(AIM OF THE EXERCISE)
Leave out the pictures and print precisely the lines from the line with "Theo chương trình" to the final line of the entries, both ends included.

(DATA RECORDS)
=-=-=

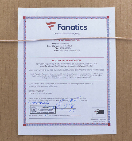 Featured is a Tom Brady signed framed 16x20 Tampa Bay Buccaneers photo. This photo was hand signed by Tom Brady and authenticated by Fanatics authentication services. Included with the photo is a Fanatics hologram and letter of authentication. This photo has been professionally framed and matted and measures approximately 22x27.. SPECIFICATIONS Autographed By: Tom Brady Team: Tampa Bay Buccaneers Sport: Football-NFL Authentication: Fanatics Authentic
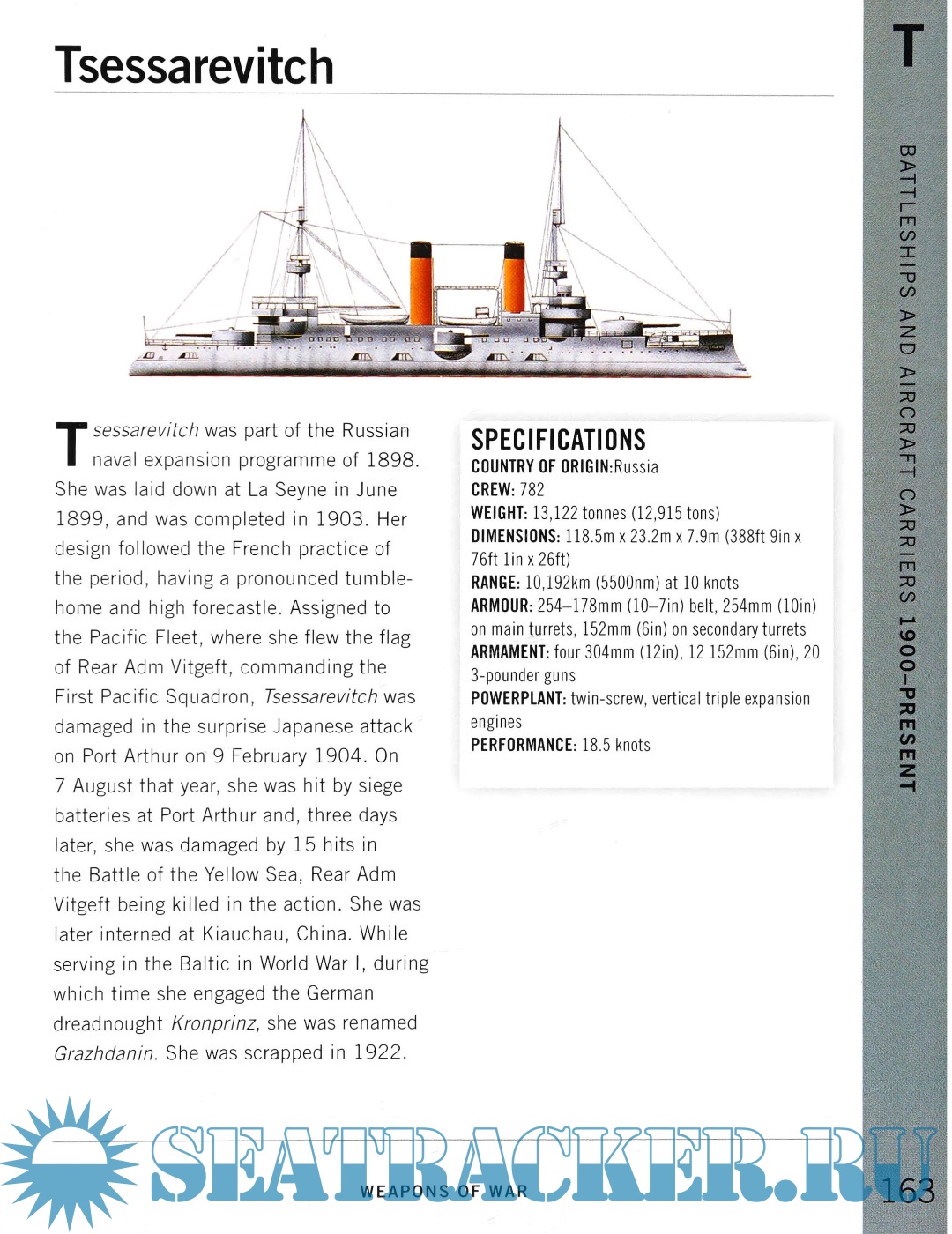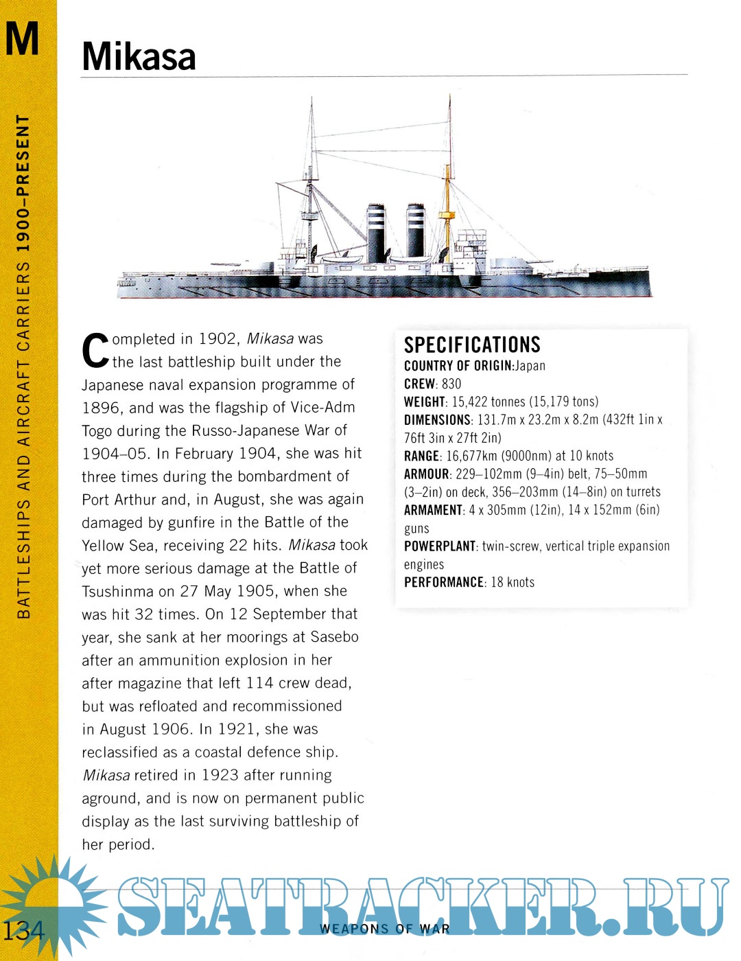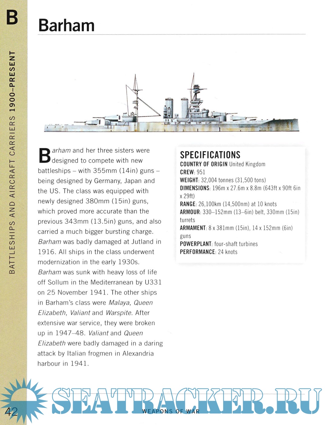 Year: 2013 Language: English Author: Spilling M. Genre: Guide Format: PDF Quality: eBook Pages count: 184 Description: Part of the Weapons of War series, this book features more than 150 color and black & white illustrations and photographs as well as detailed specifications of battleships and aircraft carriers from 1900 to the present. Battleships and Aircraft Carriers 1900–Present brings together the most important warships of the last 100 years in a single, handy volume arranged in alphabetical order. The book includes some of the great capital ships, such as the battleships Bismarck and Iowa, the carriers Enterprise and Formidable, and the missile destroyer Canberra. Features 150 entries of the most important weapons of the era Every weapon is illustrated with an accurate color artwork Each entry includes a specifications table with essential information such as armament, weight, speed, and range Concise text provides a summary of the design, development, service history, and performance of each weapon
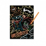 De DODO krasplaat met superheld is een ideale keuze voor kinderen die van knutselen en kleuren houden. Volg simpelweg de voorgedrukte lijnen en onthul stap voor stap met de krasschrijfpen de stralende ondergrond – het resultaat is een origineel plaatje dat ook als decoratie plezier geeft.
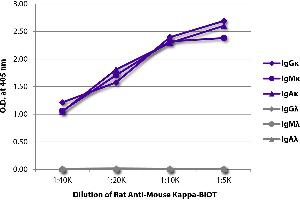Working Dilutions: Flow Cytometry FITC and BIOT conjugates 1 g/106 cells PE conjugate 0.2 g/106 cells For flow cytometry, the suggested use of these reagents is in a final volume of 100 L ELISA AP conjugate 1:1,000 - 1:2,000 HRP conjugate 1:4,000 - 1:8,000 BIOT conjugate 1:5,000 - 1:10,000 FLISA FITC conjugate 1:200 - 1:400 PE conjugate 1 g/mL
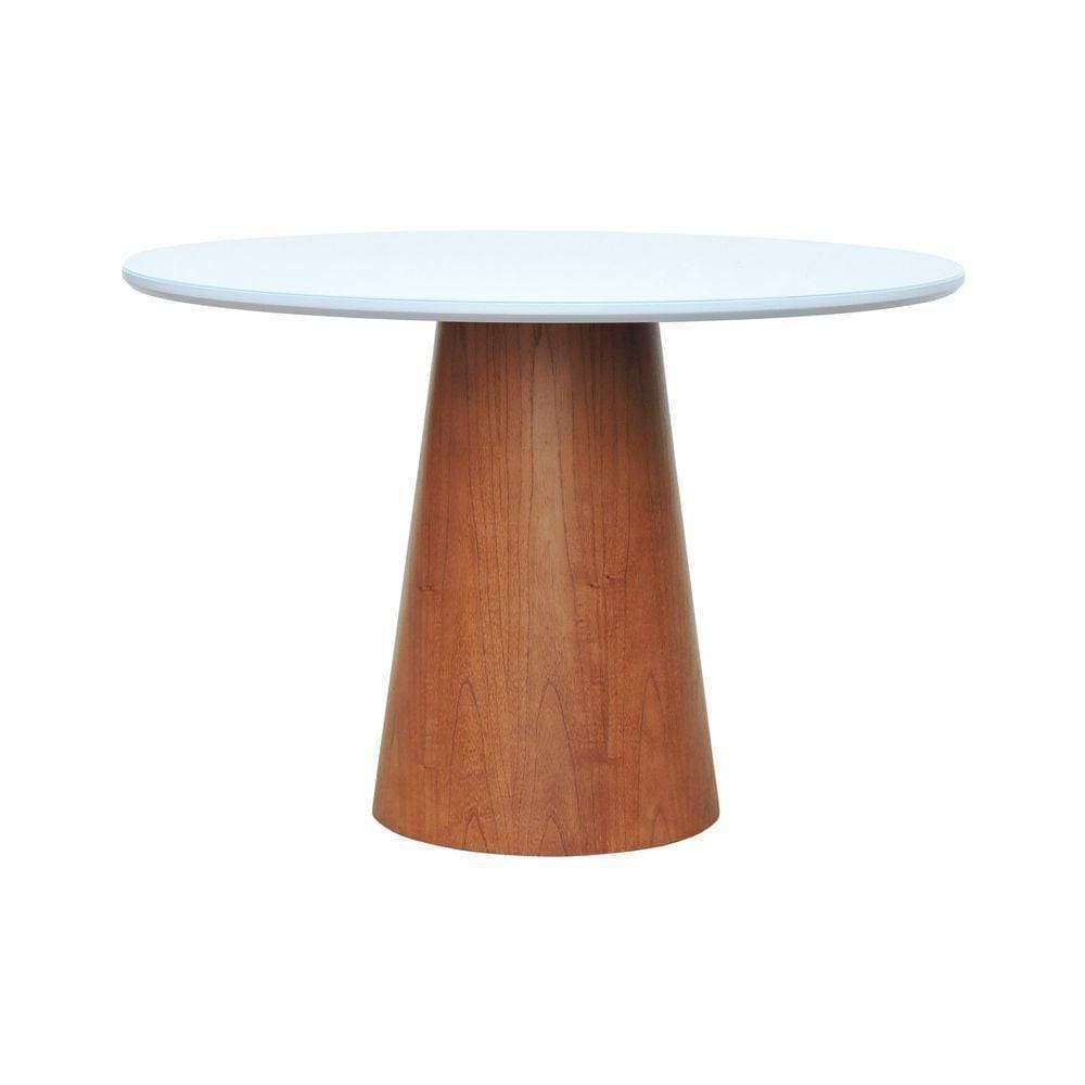 Mesa De Jantar Tampo Em Vidro Base Cone Laminado Cinamomo Natural Tampo ø150 Branco-vidro Branco
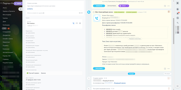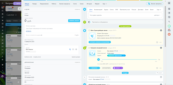 Распознавание и создание текстовой расшифровки звонков (транскрипт). Работает с любой телефонией, интегрированной в Битрикс24 с включенной функцией прикрепления звукозаписи. Если вы можете прослушать звонок в Битрикс24, приложение сможет расшифровать его в текст.
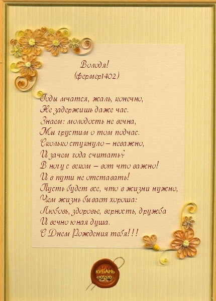 Сегодня день рожденья твой, А сколько стукнуло — неважно. Так будь же вечно молодой, Ведь жизнь дана нам лишь однажды! Желаем жизни полной до краев, Чтоб не было в душе ненастья, Короче говоря, без лишних слов — Большого человеческого счастья![ AstartaRaven] Ирине
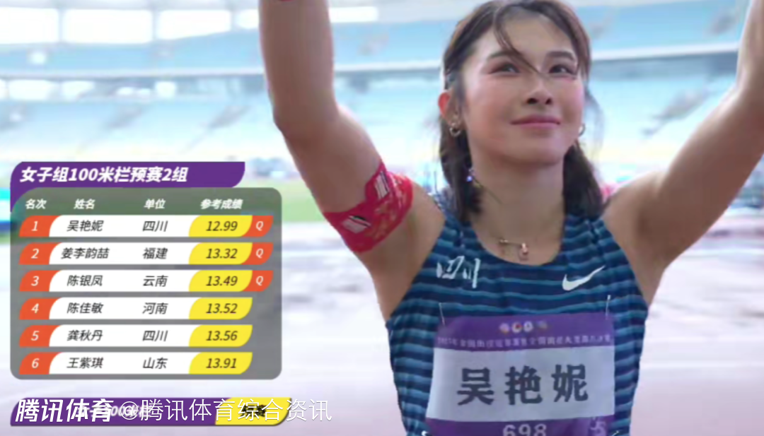 北京时间9月27日,2025年全国田径冠军赛暨全国田径大奖赛总决赛女子100米栏预赛,吴艳妮12秒99晋级决赛,林雨薇、夏思凝、陈银凤等名将也顺利晋级决赛,决赛将在9月28日晚9点10分进行。
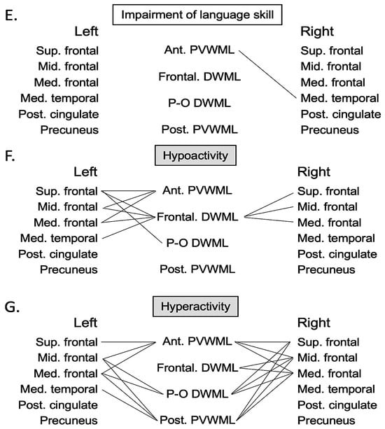 Significant correlations between GMLs and WMLs in each symptom (A) disorientation, (B) disturbed attention, (C) memory disturbance, (D) disorder of spatial perception, (E) impairment of language skill, (F) hypoactivity, and (G) hyperactivity. Significant correlation is shown by solid line between two lesions. Statistical data of each line are presented in Supplementary Tables. Sup.: superior; mid.: middle; med.: medial; post.: posterior; ant.: anterior; P-O: parieto-occipital.
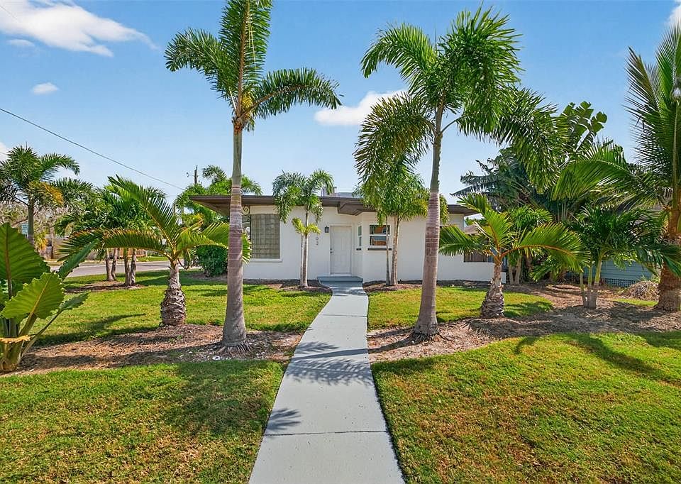 Live the Gulfport lifestyle in this bright and breezy 2-bedroom, 1-bath home with a flex space perfect for a home office, art studio, or guest room. Sitting on a corner lot and just under 1,300 sq. ft., this home offers plenty of room to relax and enjoy the laid-back Florida vibe. You'll love the tile floors throughout, new windows, and brand-new Samsung appliances in the kitchen. Natural light fills every room, giving the space a fresh, airy feel. Outside, unwind on the back patio surrounded by mature tropical landscaping, or rinse off after a beach day in your outdoor shower. The 2-car garage provides lots of storage for your bikes, beach gear, or weekend projects. All this just minutes from Gulfport's waterfront district, with its local restaurants, shops, and weekly markets. Come see why everyone loves calling Gulfport home!
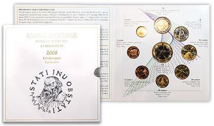 tečajni evrokovanci s slovensko nacionalno stranjo in dvokovinski zbirateljski kovanec za 3 evre, izdan ob predsedovanju EU.
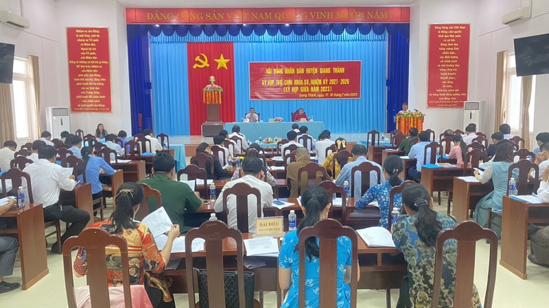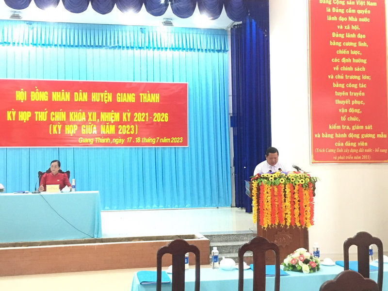 Theo chương trình kỳ họp, Thường trực HĐND huyện báo cáo kết quả hoạt động của HĐND hai cấp 06 tháng đầu năm 2023, chương trình công tác 06 tháng cuối năm 2023. UBND huyện thông qua các báo cáo: (1) Báo cáo tình hình kinh tế - xã hội huyện Giang Thành 06 tháng đầu năm 2023, phương hướng, nhiệm vụ 06 tháng cuối năm 2023. (2) Báo cáo tình hình đầu tư công 06 tháng đầu năm 2023, nhiệm vụ 06 tháng cuối năm 2023. (3) Báo cáo tình hình thu - chi ngân sách nhà nước 06 tháng đầu năm 2023, nhiệm vụ 06 tháng cuối năm 2023.
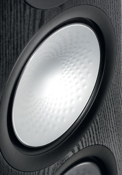 Kopułka wysokotonowa 25-mm również jest wykonana z C-CAM, ale już bez wgnieceń, za to z "pozłoceniem". Wokół kopułki utworzono krótki falowód zasłonięty wraz z nią wyprofilowanym w tym miejscu, fantazyjnie perforowanym panelem, jednocześnie integrującym wysokotonowy ze średniotonowym. Odległość między centrami akustycznymi tych przetworników wynosi tylko 8 cm (dwa razy mniej niż przy typowej konfiguracji z przetwornikiem 18-cm).

=-=-=

(OUTPUT BELOW)
 Theo chương trình kỳ họp, Thường trực HĐND huyện báo cáo kết quả hoạt động của HĐND hai cấp 06 tháng đầu năm 2023, chương trình công tác 06 tháng cuối năm 2023. UBND huyện thông qua các báo cáo: (1) Báo cáo tình hình kinh tế - xã hội huyện Giang Thành 06 tháng đầu năm 2023, phương hướng, nhiệm vụ 06 tháng cuối năm 2023. (2) Báo cáo tình hình đầu tư công 06 tháng đầu năm 2023, nhiệm vụ 06 tháng cuối năm 2023. (3) Báo cáo tình hình thu - chi ngân sách nhà nước 06 tháng đầu năm 2023, nhiệm vụ 06 tháng cuối năm 2023.
 Kopułka wysokotonowa 25-mm również jest wykonana z C-CAM, ale już bez wgnieceń, za to z "pozłoceniem". Wokół kopułki utworzono krótki falowód zasłonięty wraz z nią wyprofilowanym w tym miejscu, fantazyjnie perforowanym panelem, jednocześnie integrującym wysokotonowy ze średniotonowym. Odległość między centrami akustycznymi tych przetworników wynosi tylko 8 cm (dwa razy mniej niż przy typowej konfiguracji z przetwornikiem 18-cm).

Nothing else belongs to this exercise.